Boogers also addressed the SP’s performance in Oss, where the party remained dominant but posted only modest gains. While national polling had indicated surging support for the SP, the party had effectively reached its electoral “ceiling” in the city; the party’s vote share had little room for further growth. Boogers did identify one clear connection between national developments and the local vote: the increased turnout, which he attributed to the recent collapse of the Balkenende cabinet. Without the heightened political attention brought on by the impending election in January, voter participation would likely have been significantly lower.
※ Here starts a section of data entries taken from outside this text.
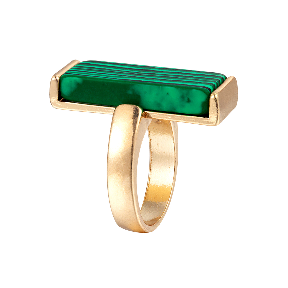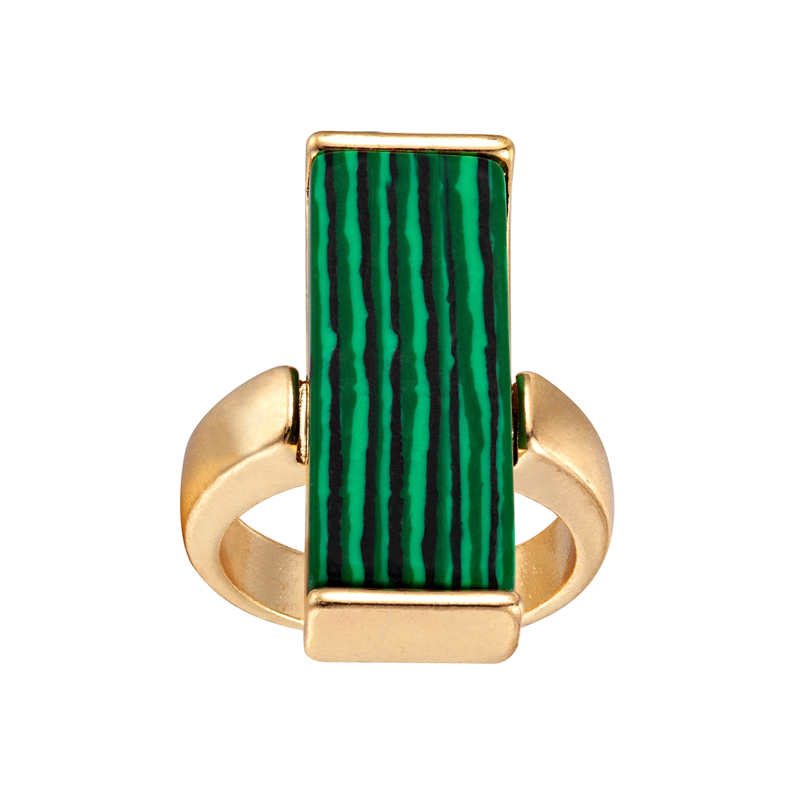 Gold Plated Rectangle Malachite Statement Ring – Size J – T
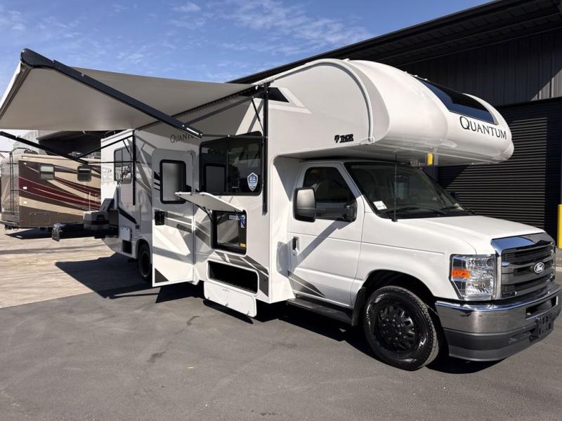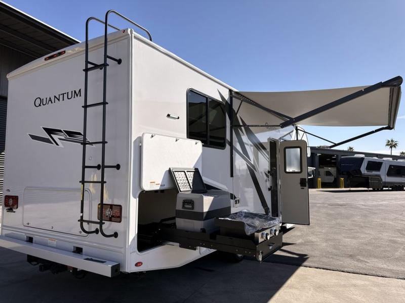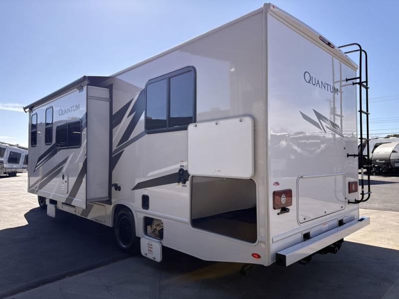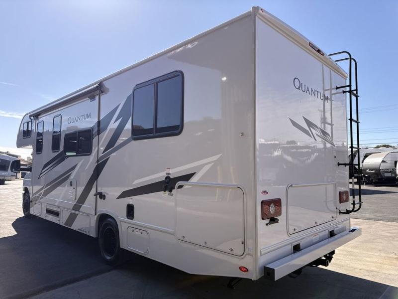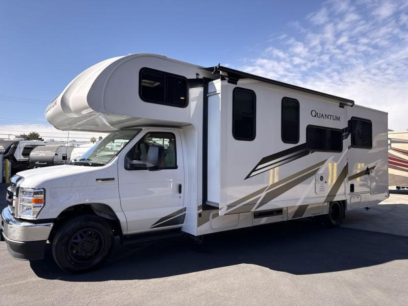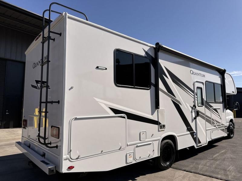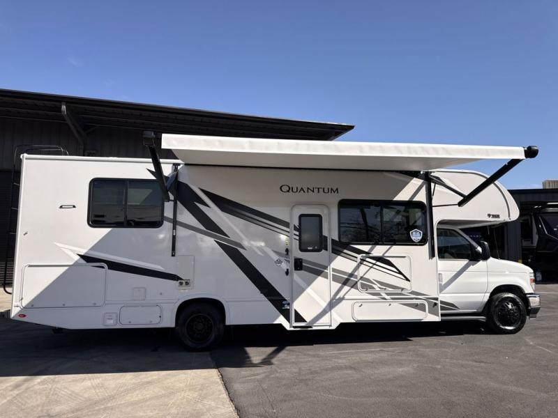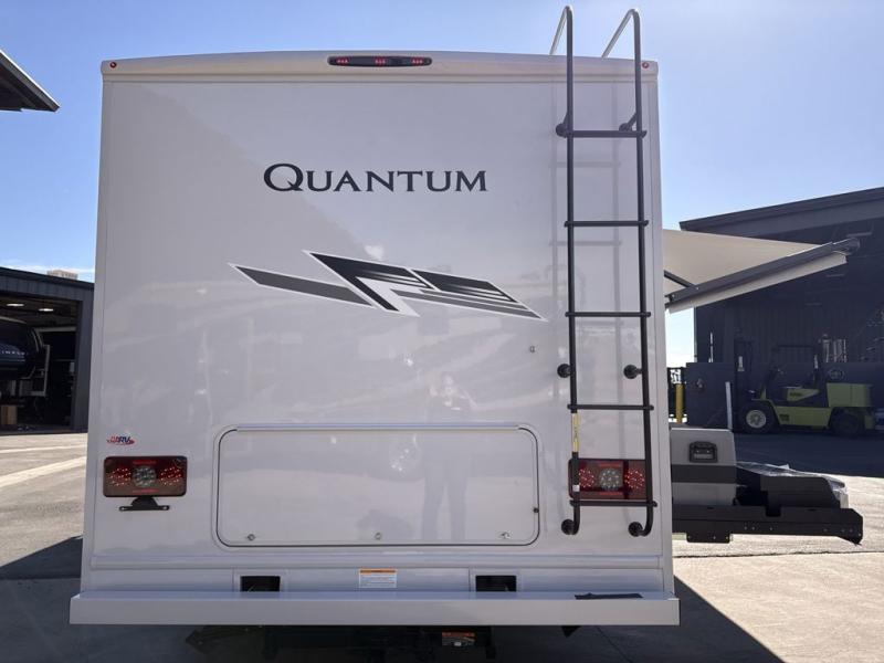 With any Quantum Class C gas motorhome by Thor Motor Coach, you will find a premium one-piece domed roof membrane for added durability, plus a SmoothTECH ride enhancement for better handling. The interior offers residential vinyl flooring, Leatherette furniture, and full extension soft close metal ball-bearing drawer guides. The driver is sure to appreciate the touchscreen dash radio and back-up monitor to make maneuvering in and out of campgrounds easier than ever. These motorhomes also feature a 100-watt solar charging system for off-grid capabilities, a tankless water heater, an exterior LP connection and many more conveniences.
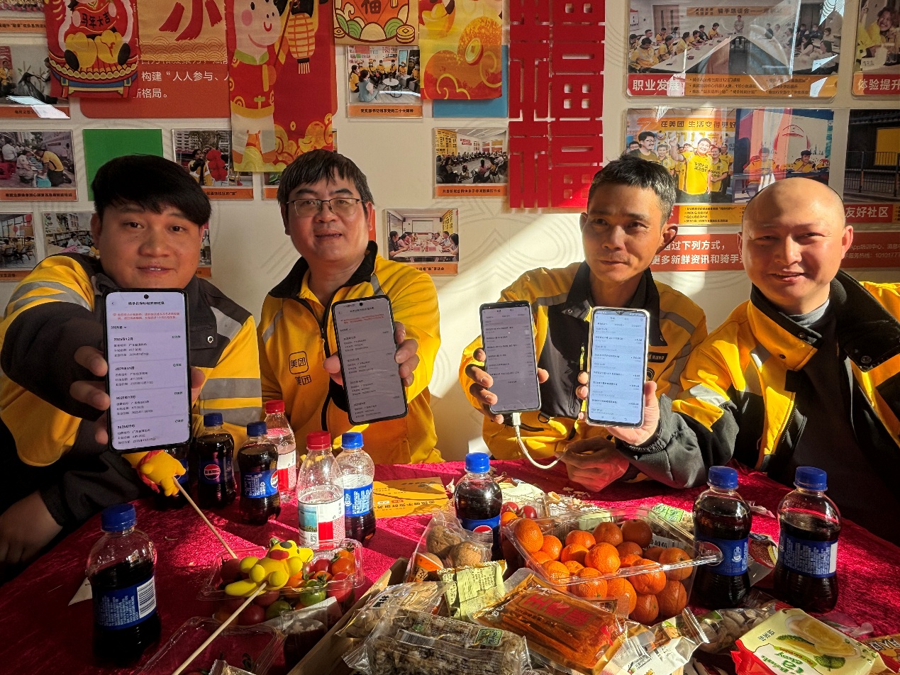 深圳新闻网2026年2月6日讯(记者 刘惠敏)“2026年第一笔补贴到账了,第二笔这几天也要发,今天又在现场拿到年货大礼盒,这个年收获满满!”骑手揭英强难掩喜悦,向大家晒出手机页面。2月5日,在深圳市委互联网企业工委、深圳市市场监管局、龙华区总工会、深圳市场监管局龙华监管局、龙华区互联网行业党委等相关部门的指导下,美团骑手新春表彰活动在深圳市龙华区美团骑手党群服务中心举行。骑手们济济一堂,相聚表彰联欢,现场向骑手发放年货特产及骑手专属文创礼包,更有不少骑手晒出新年的第一笔社保补贴到账页面。据悉,春节前,美团在全国各地举办多场新春联欢活动,近10万名骑手参与。
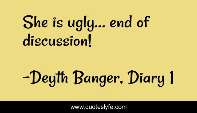 "Deyth Banger, Diary 1 Quotes." Quoteslyfe.com, 2025. Fri. 05 Dec. 2025. <https://www.quoteslyfe.com/quote/She-is-ugly-end-of-discussion-257454>.
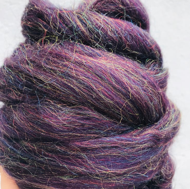 Felting wool for both needle and wet felting projects. Also can be used for spinning. Pure high quality Merino wool blend with shimmering Angelina fibre mix. Looks beautiful when felted or spun. 50grams
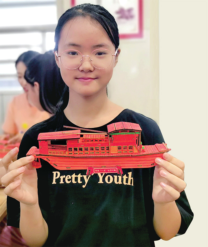 7月24日,在濟(jì)源博物館青少年活動(dòng)中心,小朋友展示已拼裝好的紅船。
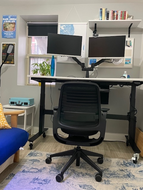 Next to University of Chicago campus. Private entry to 2-bedroom/1.5-bath apartment: back half is our separate craft space and front half is your private Airbnb suite. No proper kitchen, but there is a large fridge, microwave, etc. This Airbnb is in our 4-unit apt building next to our house where we've had a 5-star Airbnb room for 10+ years as a Super Host. The other tenants are long-term lease-holders and wonderful people whom we're happy to call our neighbors on this quiet tree-lined street.
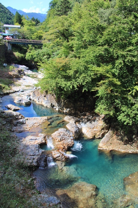 国道353号線沿いを流れていて国道からもエメラルドグリーンの清流を見ることが出来ました。また、四万の甌穴群では川岸に下りることが出来ます。そこからもエメラルドグリーンの清流を見ることが出来ました。四万の甌穴群では無料駐車場も完備されていて観光の便が良いところも利点だと思われます。
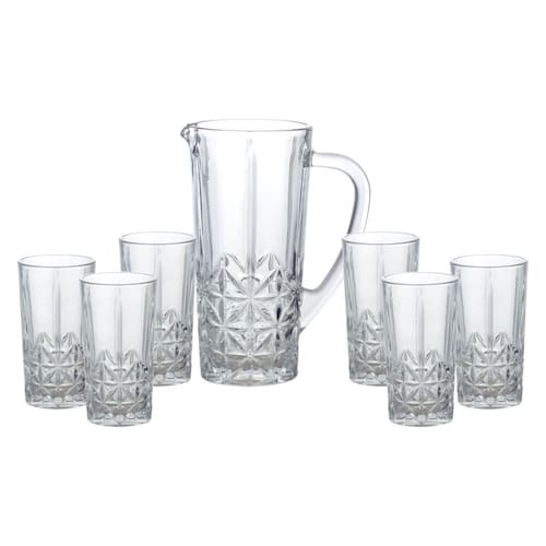 O conjunto é composto por sete peças, sendo 1 jarra de 1 litro de capacidade e 6 copos com 270 ml de capacidade cada. O conjunto é perfeito para servir sua família ou seus convidados com muito estilo e sofisticação!
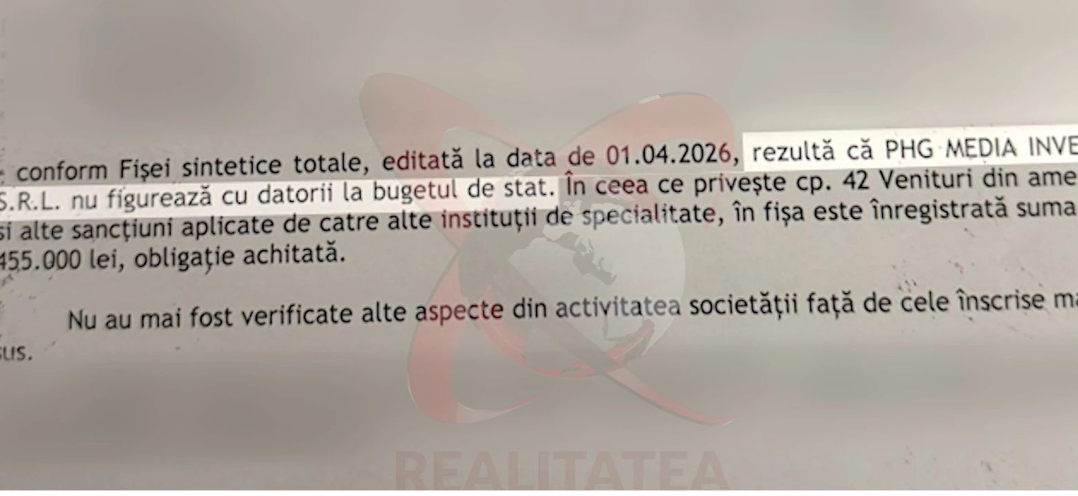 „Jurnaliștii Realitatea Plus au solicitat oficial de la ANAF să spună clar dacă în acel comunicat publicat este sau nu vizată Realitatea Plus, care este înregistrată sub firma PHG Media Invest SRL.”
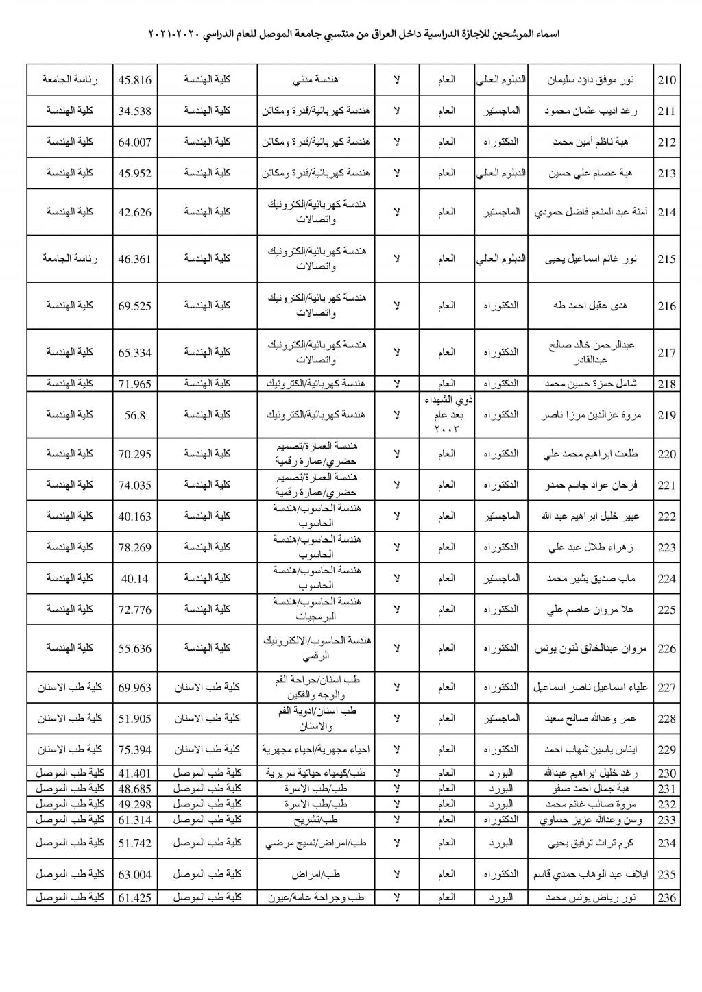 الإعلان عن نتائج التقديم الأولية للإجازات الدراسية داخل العراق للعام الدراسي 2020 – 2021 لمنتسبي كلية الطب جامعة الموصل
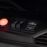 Das integrierte Audio-Panel bietet USB, Bluetooth, AUX, MP3-Wiedergabe sowie vorinstallierte Melodien. Am Lenkrad befindet sich eine Hupe. Den Akkustand prüfen Sie bequem über den Ladeindikator, gestartet wird über eine beleuchtete Taste.
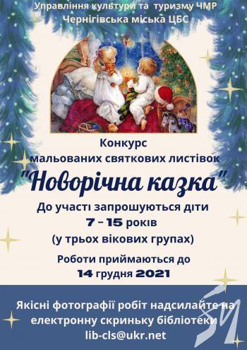 Чернігівська міська ЦБС запрошує дітей 7 - 15 років взяти участь у конкурсі святкових мальованих листівок "Новорічна казка".
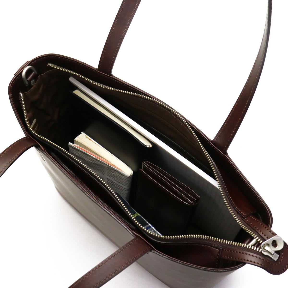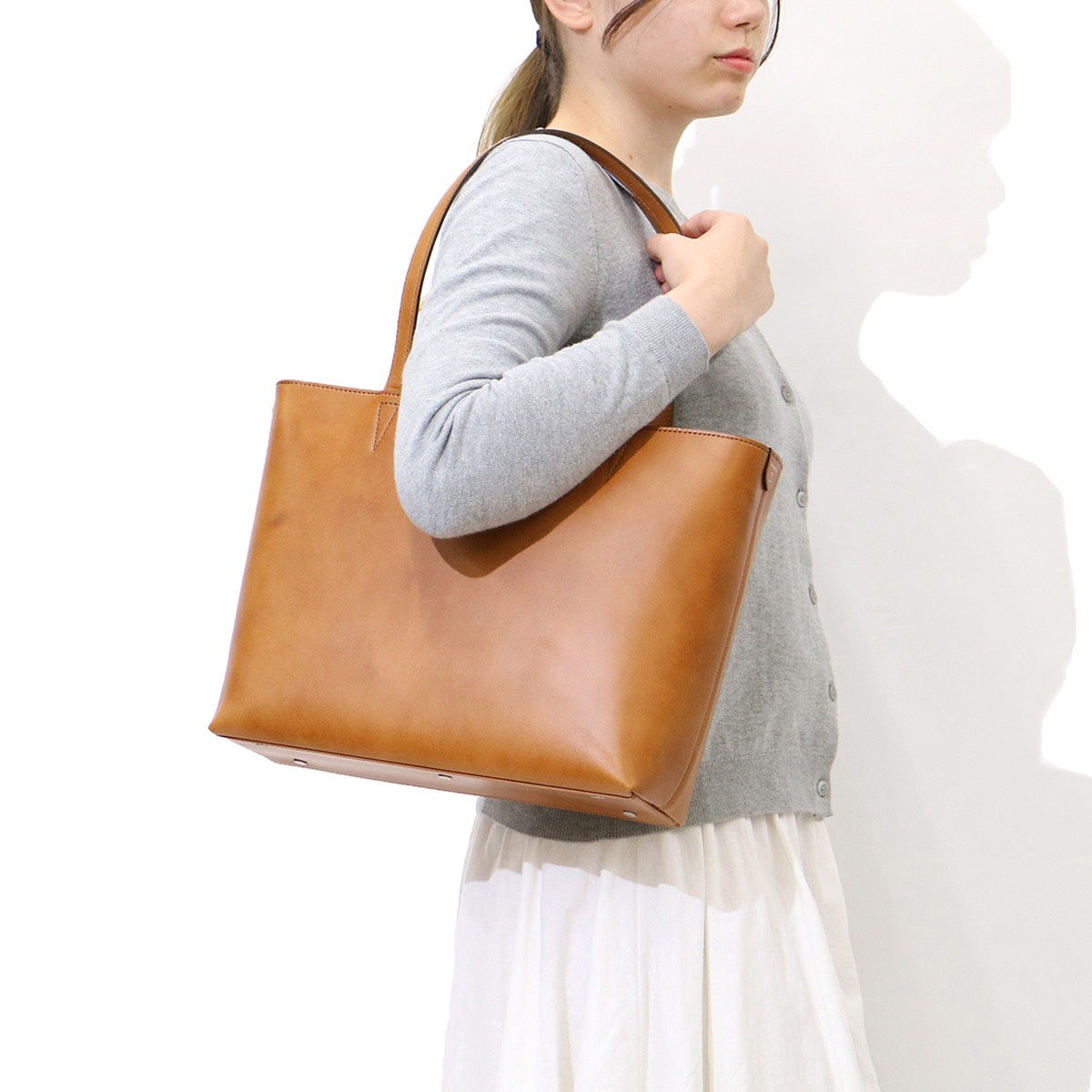 Made with particular attention to ease of use in everyday life, leather tote bag with an exquisite sense of size. With a simple design ahead of the decoration that made use of the goodness of the material, it can correspond widely to work as well as casual use on holiday.

=== Lilian Marijnissen ===
During the election in Oss, 17-year-old Lilian Marijnissen—daughter of national SP leader Jan Marijnissen—occupied the 16th position on the SP’s candidate list. Her candidacy prompted a minor controversy when the LPF's municipal lead candidate, Fred Gijsbers, argued that her age rendered her ineligible under Dutch electoral law. However, Mayor Herman Klitsie clarified that candidates younger than 18 may legally stand for election, provided they reach the age of majority during the upcoming council term.

Despite her low placement on the list, Lilian Marijnissen secured 550 preference votes—sufficient to win a seat on the Oss city council. Because she had not yet reached the age of eligibility, she was unable to take office immediately following the November 2002 election. Instead, she joined the council on 11 September 2003 after an SP councillor resigned, vacating a seat. Marijnissen remained a member of the Oss municipal council until 20 October 2016, later entering the national parliament in March 2017. In December of that same year, she succeeded Emile Roemer as SP parliamentary leader. She stood as the party's lead candidate in the general elections of 2021 and November 2023 before resigning in December 2023.